■ **The task**
Taking the line with "開(kāi)元國(guó)投" as the first and the line with "在隆重的颁奖盛典上,作为世界" as the last, set down the lines below exactly, pictures excluded.

■ **Record excerpts**
§ §

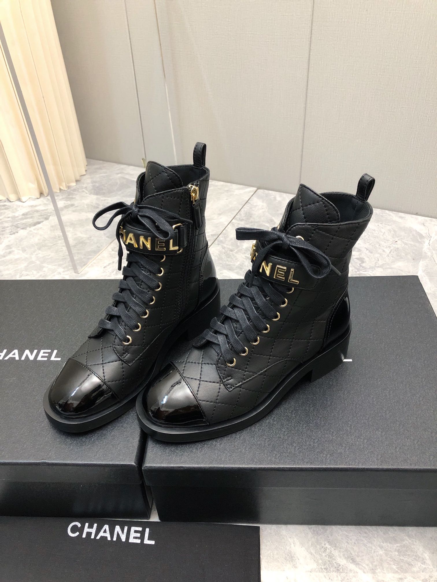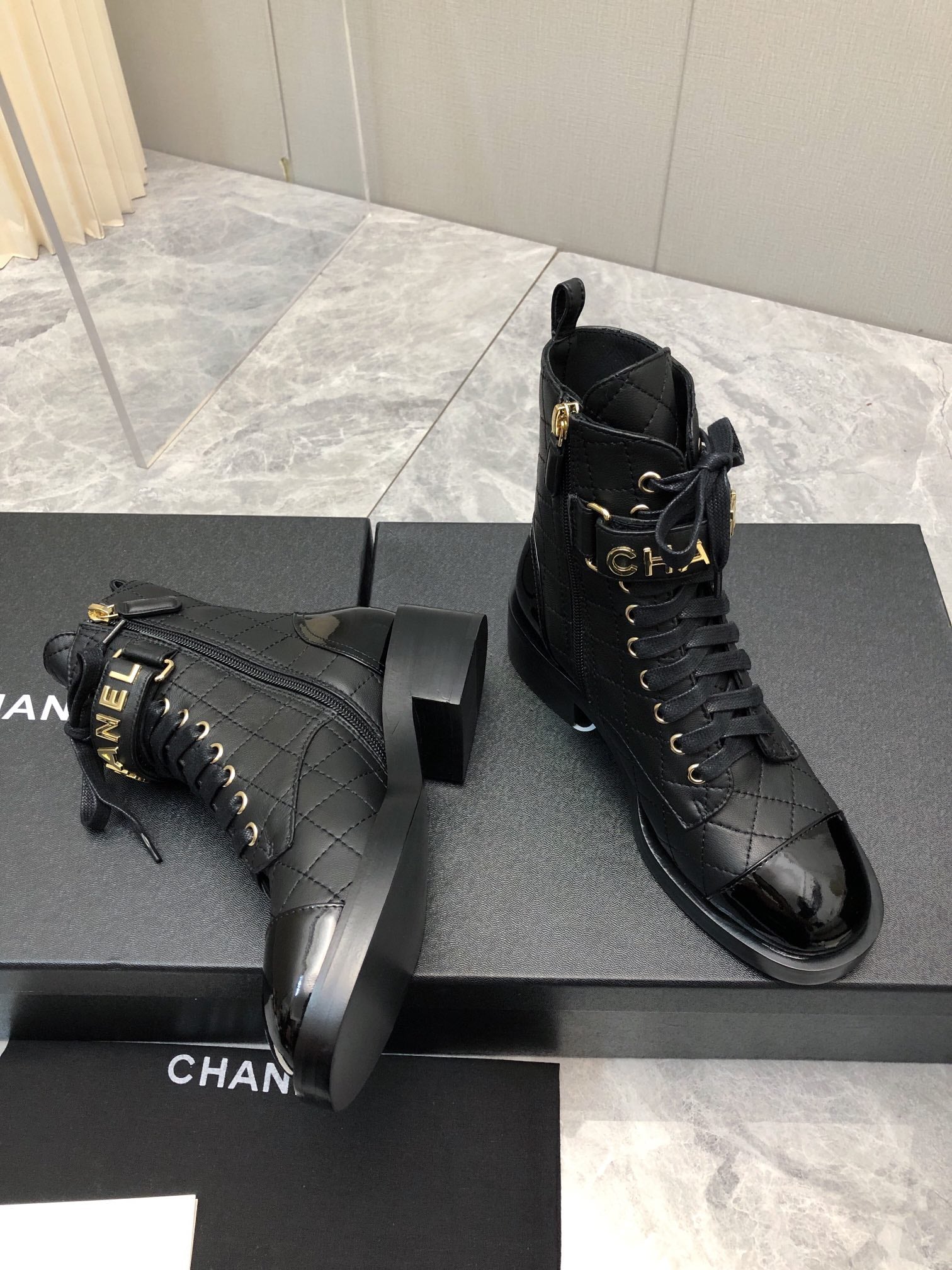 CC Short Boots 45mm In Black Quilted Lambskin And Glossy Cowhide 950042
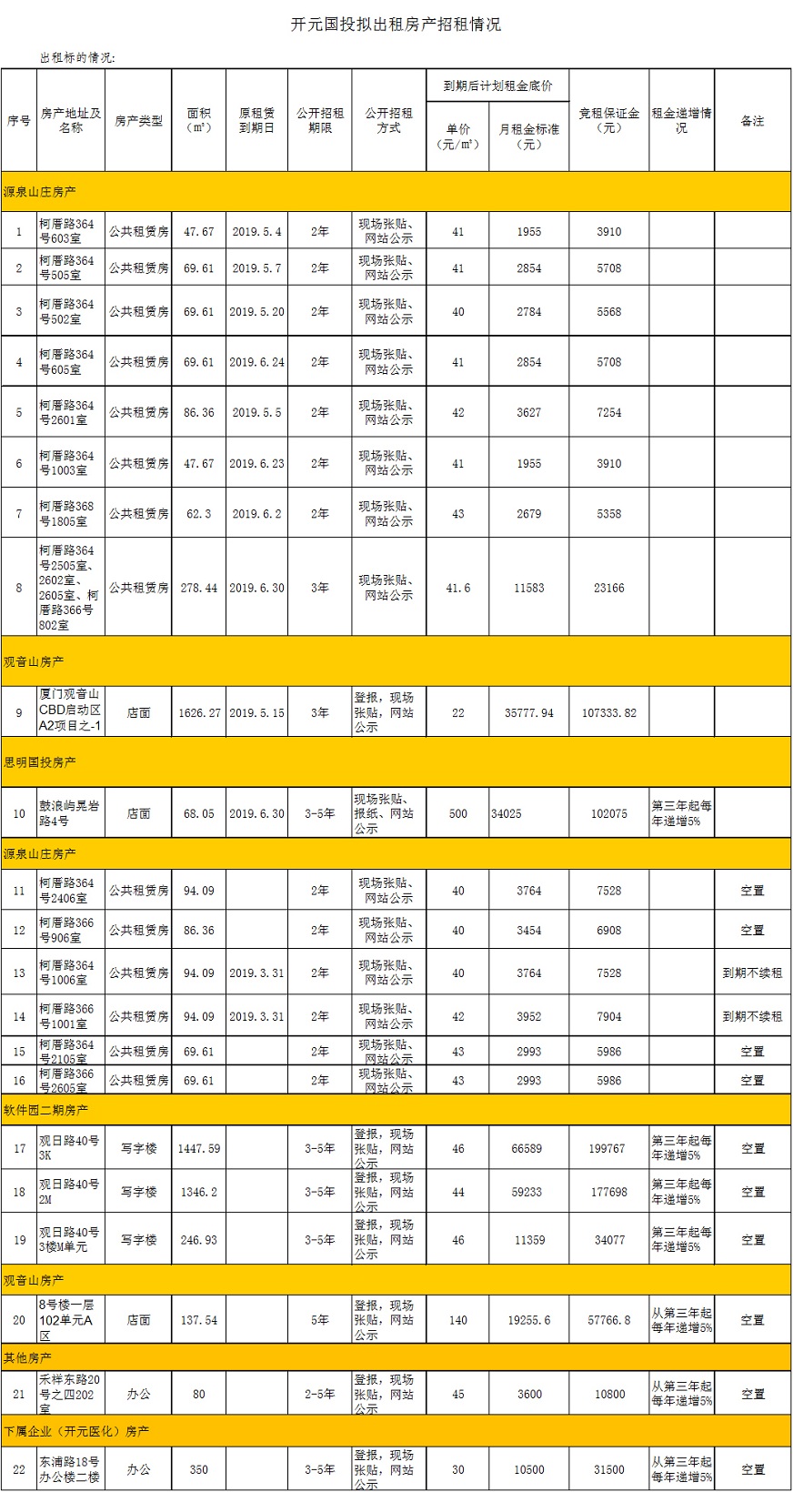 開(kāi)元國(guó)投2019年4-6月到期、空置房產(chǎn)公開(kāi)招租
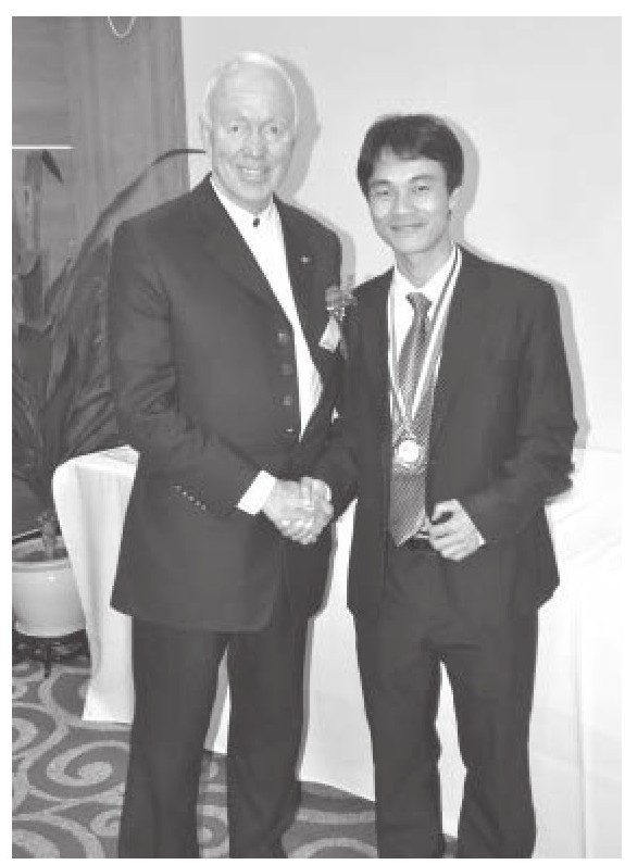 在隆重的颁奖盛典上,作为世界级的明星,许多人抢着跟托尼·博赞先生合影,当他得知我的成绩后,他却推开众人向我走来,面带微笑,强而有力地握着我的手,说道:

§ §

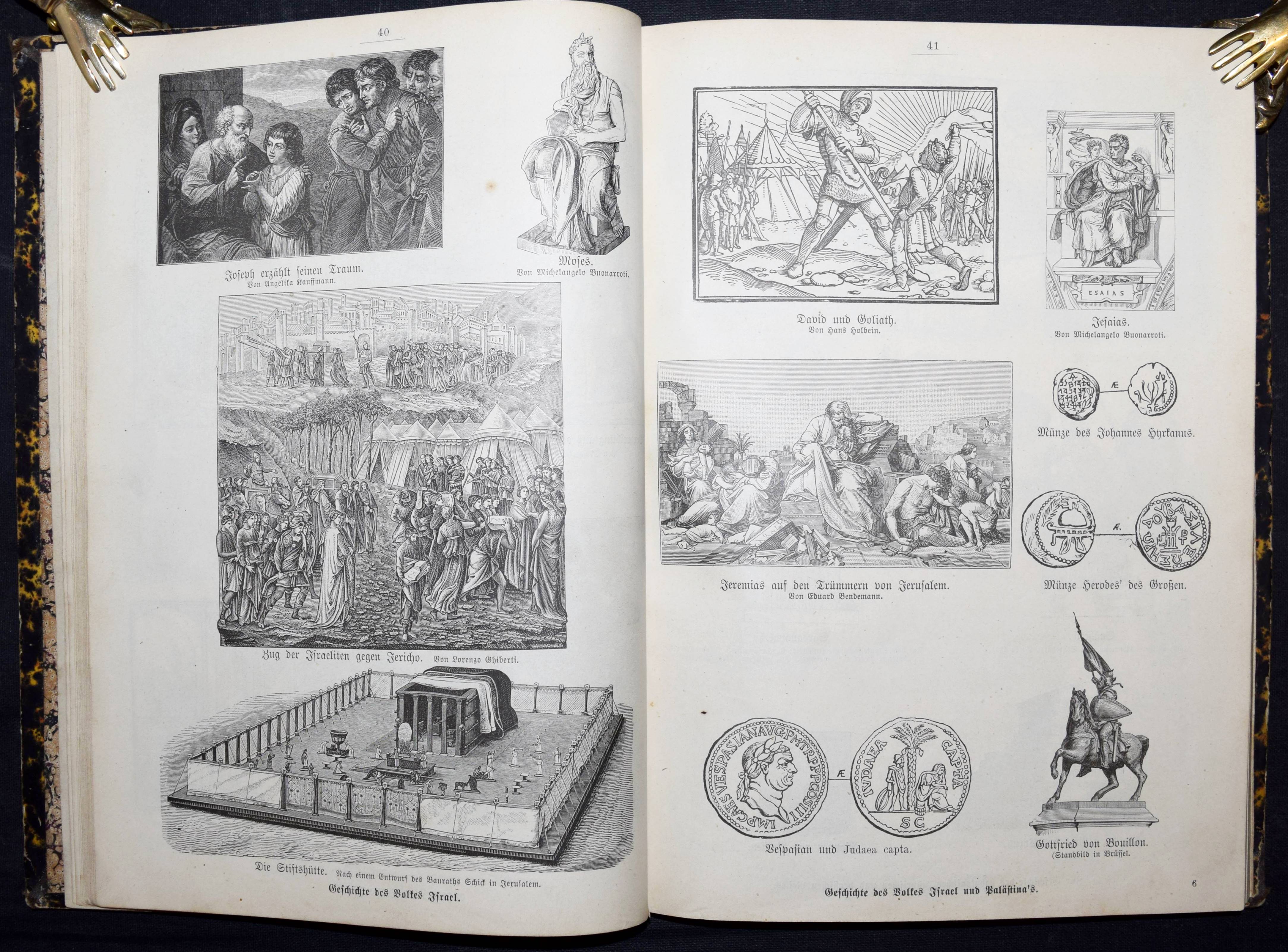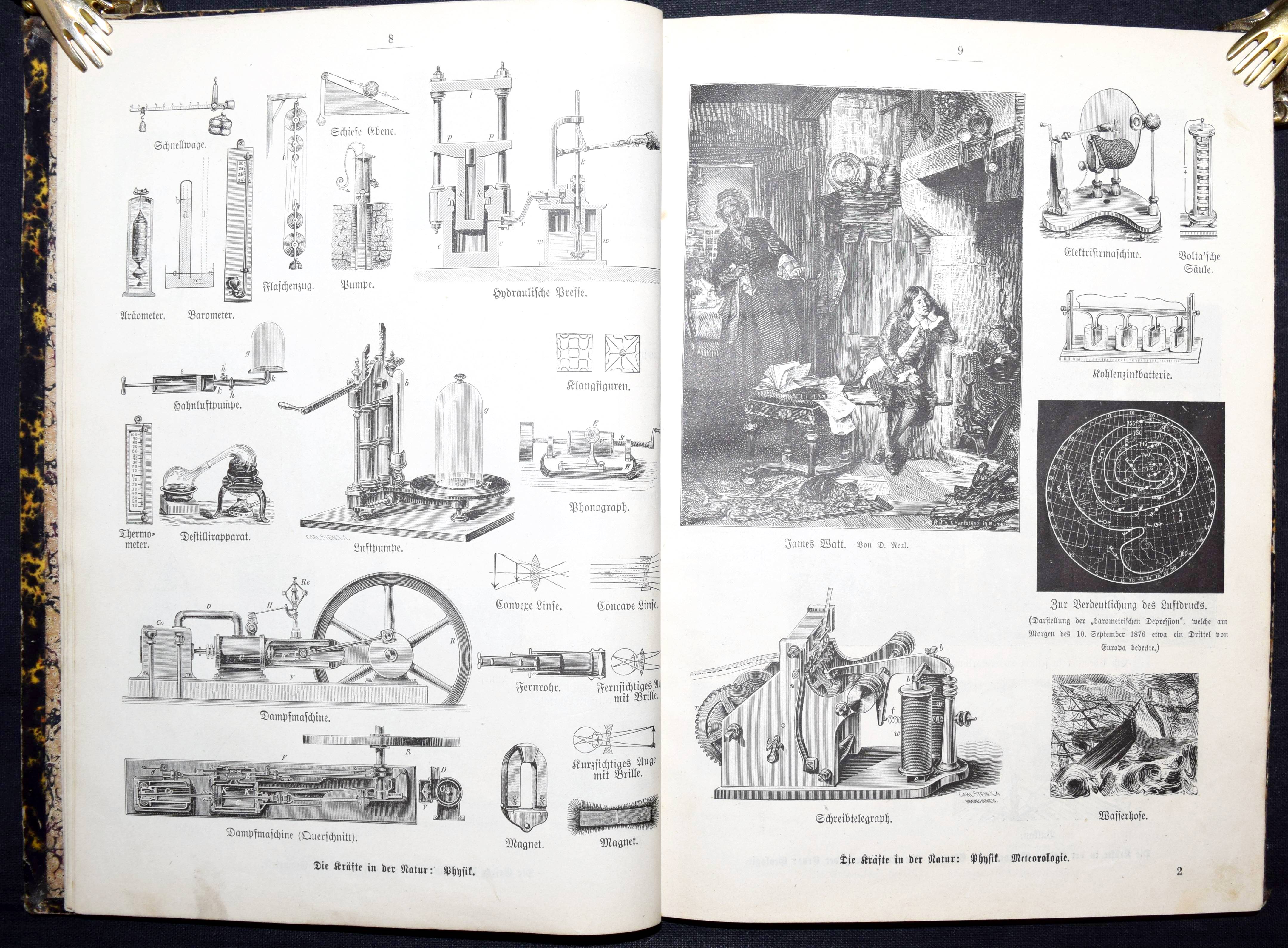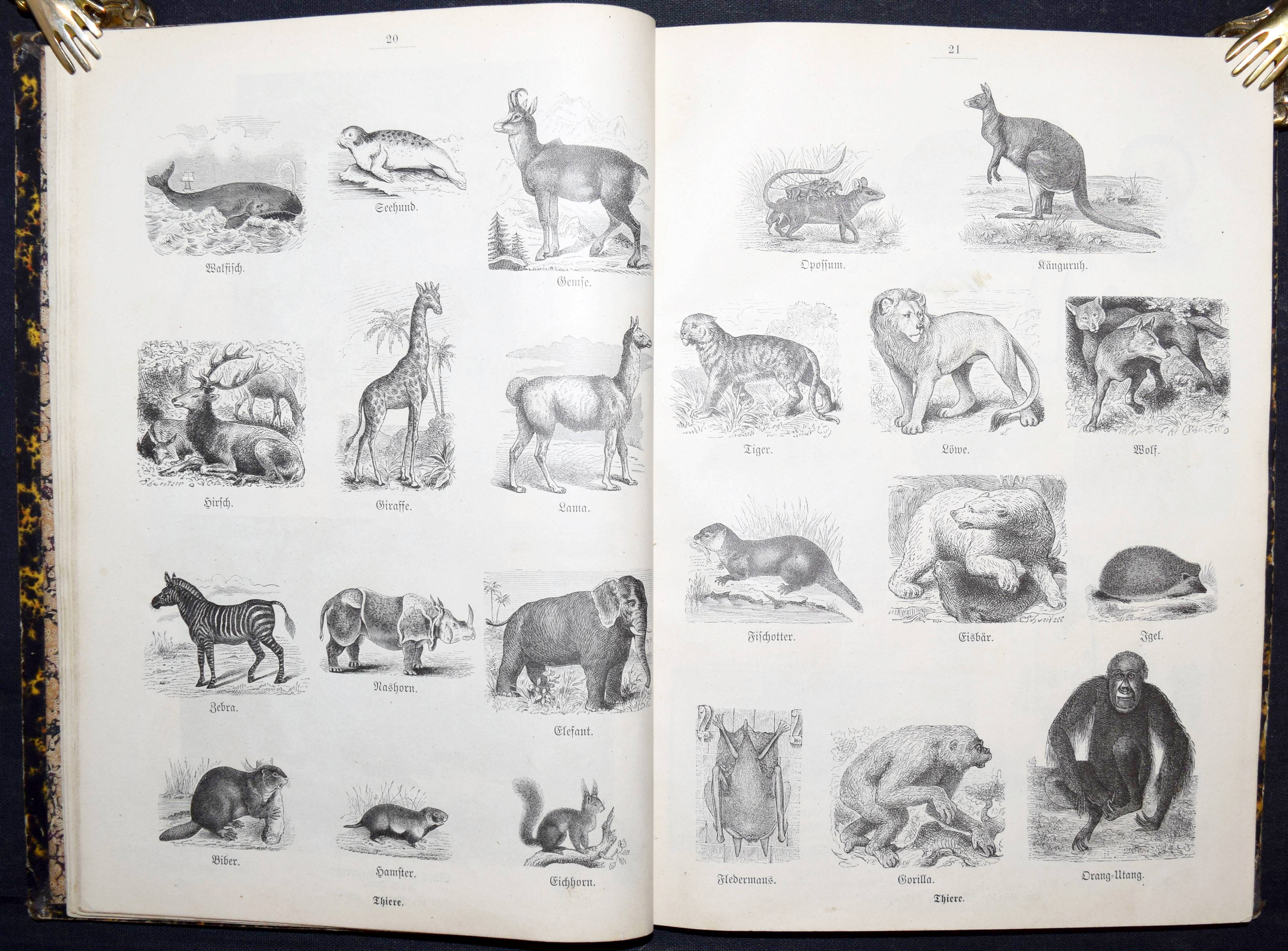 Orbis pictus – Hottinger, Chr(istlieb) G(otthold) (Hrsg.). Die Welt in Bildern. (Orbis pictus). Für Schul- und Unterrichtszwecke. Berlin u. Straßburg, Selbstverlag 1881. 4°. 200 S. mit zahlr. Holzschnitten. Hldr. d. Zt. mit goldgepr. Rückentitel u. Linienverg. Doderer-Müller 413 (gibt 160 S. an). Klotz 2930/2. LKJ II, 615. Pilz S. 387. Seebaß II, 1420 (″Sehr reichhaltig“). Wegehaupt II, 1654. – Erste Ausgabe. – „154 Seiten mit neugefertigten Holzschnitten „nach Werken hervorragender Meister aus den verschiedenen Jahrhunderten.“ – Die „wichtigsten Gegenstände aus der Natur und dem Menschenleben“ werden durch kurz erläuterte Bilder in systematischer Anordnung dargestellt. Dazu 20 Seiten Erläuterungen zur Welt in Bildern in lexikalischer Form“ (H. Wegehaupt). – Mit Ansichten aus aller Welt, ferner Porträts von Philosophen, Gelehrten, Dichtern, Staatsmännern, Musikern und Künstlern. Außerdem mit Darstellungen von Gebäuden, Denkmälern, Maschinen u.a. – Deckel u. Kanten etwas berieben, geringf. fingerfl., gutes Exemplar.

§ §

■ **Solution to the exercise**
 開(kāi)元國(guó)投2019年4-6月到期、空置房產(chǎn)公開(kāi)招租
 在隆重的颁奖盛典上,作为世界级的明星,许多人抢着跟托尼·博赞先生合影,当他得知我的成绩后,他却推开众人向我走来,面带微笑,强而有力地握着我的手,说道:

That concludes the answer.